Records shown:
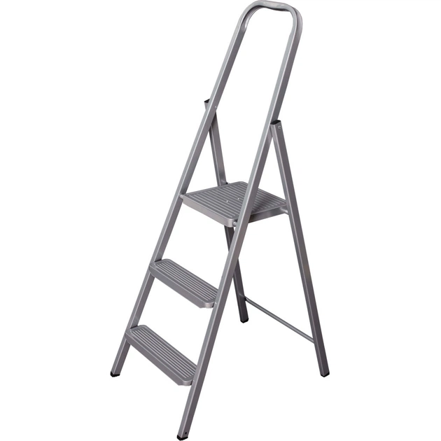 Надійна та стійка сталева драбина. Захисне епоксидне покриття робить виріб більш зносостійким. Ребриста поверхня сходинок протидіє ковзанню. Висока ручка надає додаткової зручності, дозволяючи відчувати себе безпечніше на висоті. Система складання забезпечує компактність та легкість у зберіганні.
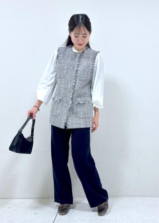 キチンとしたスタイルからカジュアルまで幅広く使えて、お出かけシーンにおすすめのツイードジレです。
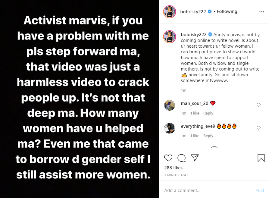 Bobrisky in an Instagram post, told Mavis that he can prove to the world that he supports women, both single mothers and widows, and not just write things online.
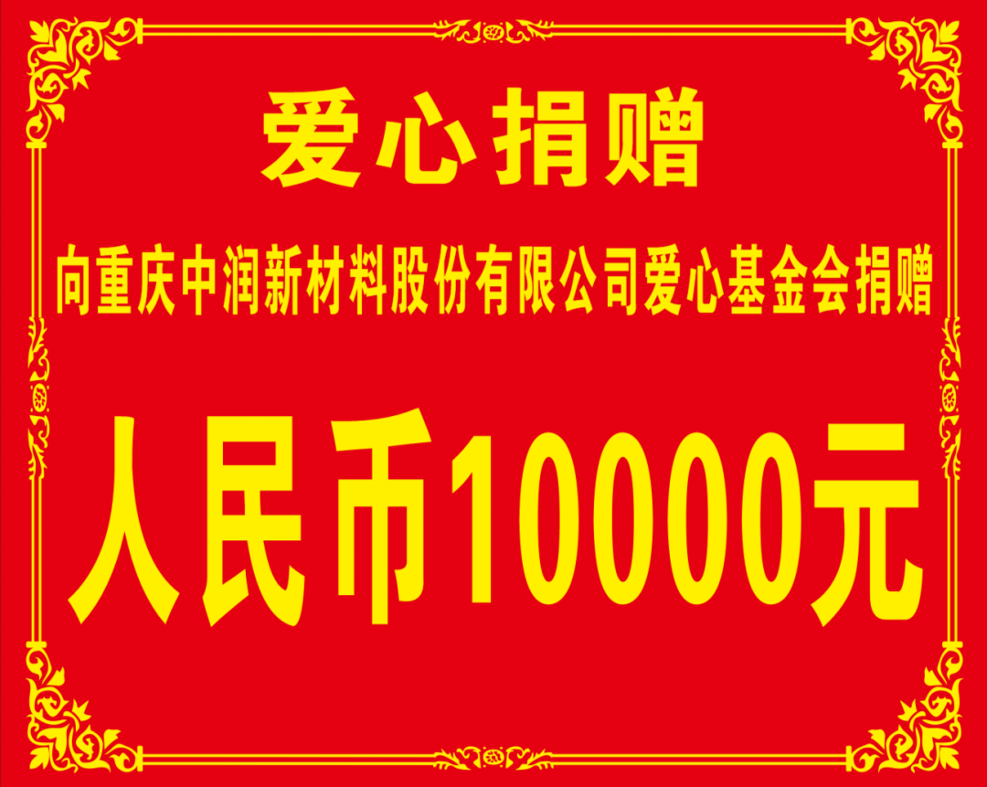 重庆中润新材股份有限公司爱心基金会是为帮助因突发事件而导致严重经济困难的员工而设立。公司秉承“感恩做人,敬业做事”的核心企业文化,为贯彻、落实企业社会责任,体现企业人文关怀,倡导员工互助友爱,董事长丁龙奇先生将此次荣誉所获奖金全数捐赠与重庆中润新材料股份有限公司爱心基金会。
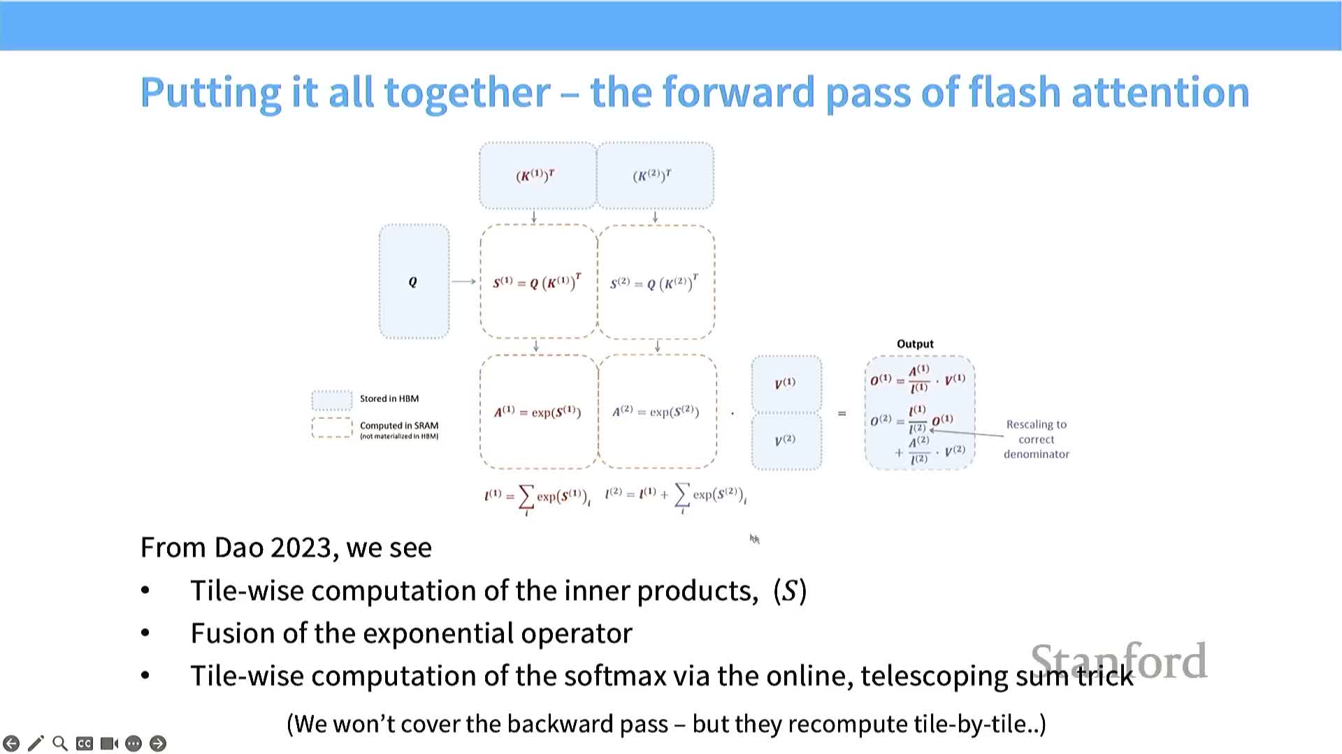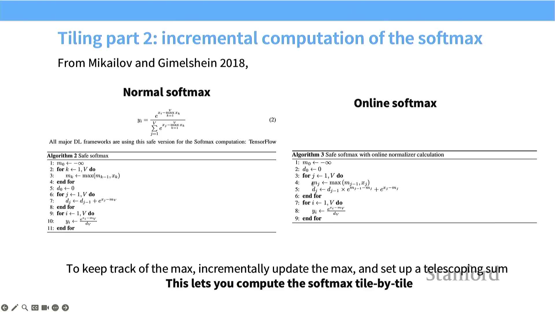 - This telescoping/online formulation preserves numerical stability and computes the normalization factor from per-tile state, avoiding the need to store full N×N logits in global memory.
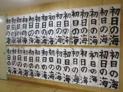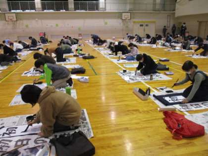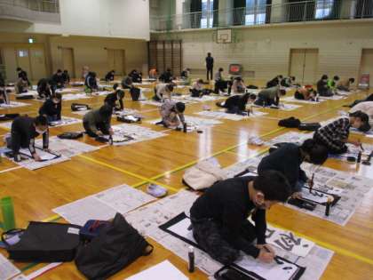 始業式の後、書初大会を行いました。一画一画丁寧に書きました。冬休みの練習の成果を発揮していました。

Requirement: Please reproduce only the lines from the one holding "- This telescoping/online" through the final line of the listing above, both included, with each picture left out.

The answer:
 - This telescoping/online formulation preserves numerical stability and computes the normalization factor from per-tile state, avoiding the need to store full N×N logits in global memory.
 始業式の後、書初大会を行いました。一画一画丁寧に書きました。冬休みの練習の成果を発揮していました。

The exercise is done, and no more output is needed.